- [Problem to work on]:
Word for word, copy the lines beginning at the one with "Поставьте галочку в" and ending at the last line below; pictures stay out.

++++ Stored data ++++

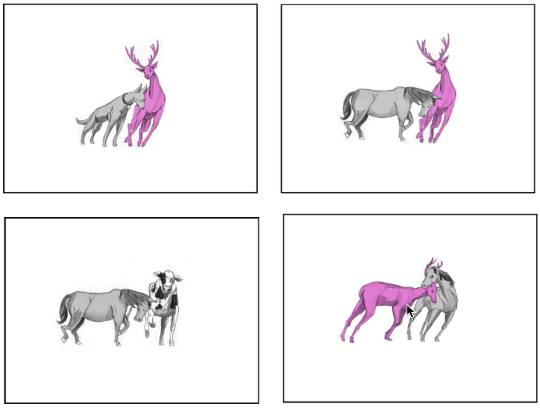 Figure 1: Example of a sentence from the low cognitive demand condition (superfluous premodifying adjectives). Target (spoken sentence): “The small gray horse bumps the tall pink deer.”
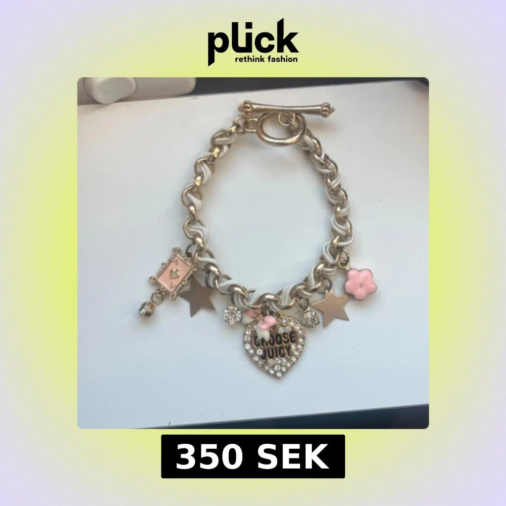 Charmarmband från Juicy Couture i guldton. Dekorerat med flera berlocker: hjärta med texten 'Choose Juicy' och strass, rosa blomma, stjärnor, rosa ram med hjärta och små kristaller. Har tyvärr lite missfärgningar och bucklor men inget som man tänker på. Perfekt statement piece för dig som gillar söta detaljer. Kontakta för fler bilder och frågor🩷🌸
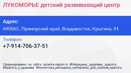 ЛУКОМОРЬЕ, детский развивающий центр по адресу 690065, Приморский край, Владивосток, Крыгина, 91 в дальнейшем Организация, размещена в следующих категориях:
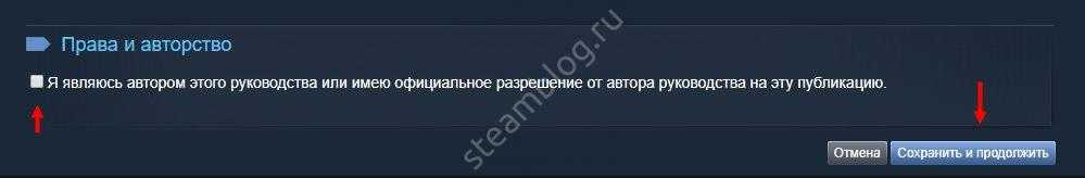 Поставьте галочку в разделе «Права и авторство», нажмите «Сохранить и продолжить».
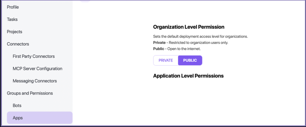 Then on the left-hand menu select Apps. You will see options for both Organizational and Application level permissions. Setting Organizational Level Permissions to private will ensure all apps are deployed behind a sign-in page.
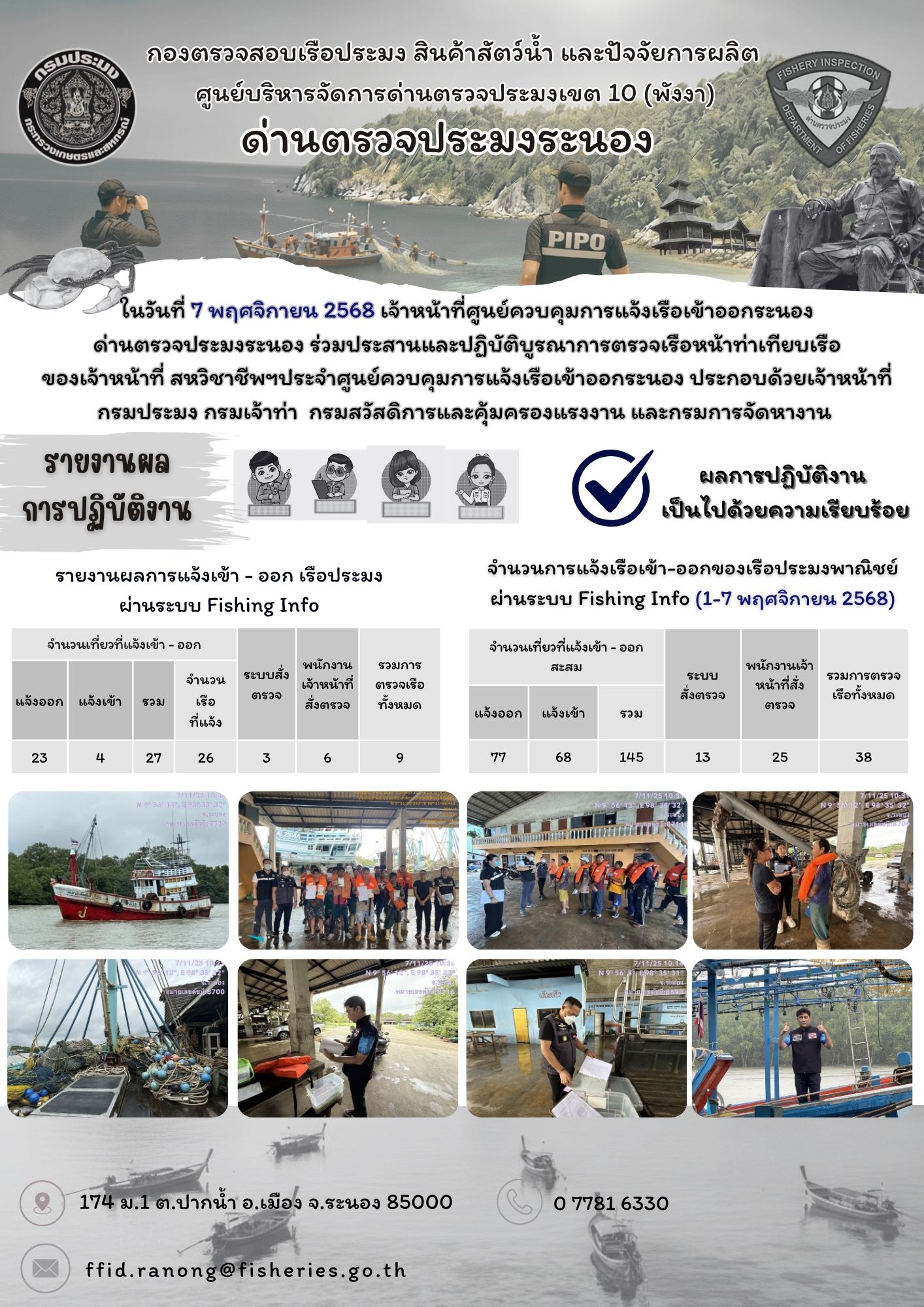 ในวันที่ 7 พฤศจิกายน 2568 เจ้าหน้าที่ศูนย์ควบคุมการแจ้งเรือเข้าออกระนอง

++++

- [Output of the task]:
 Поставьте галочку в разделе «Права и авторство», нажмите «Сохранить и продолжить».
 Then on the left-hand menu select Apps. You will see options for both Organizational and Application level permissions. Setting Organizational Level Permissions to private will ensure all apps are deployed behind a sign-in page.
 ในวันที่ 7 พฤศจิกายน 2568 เจ้าหน้าที่ศูนย์ควบคุมการแจ้งเรือเข้าออกระนอง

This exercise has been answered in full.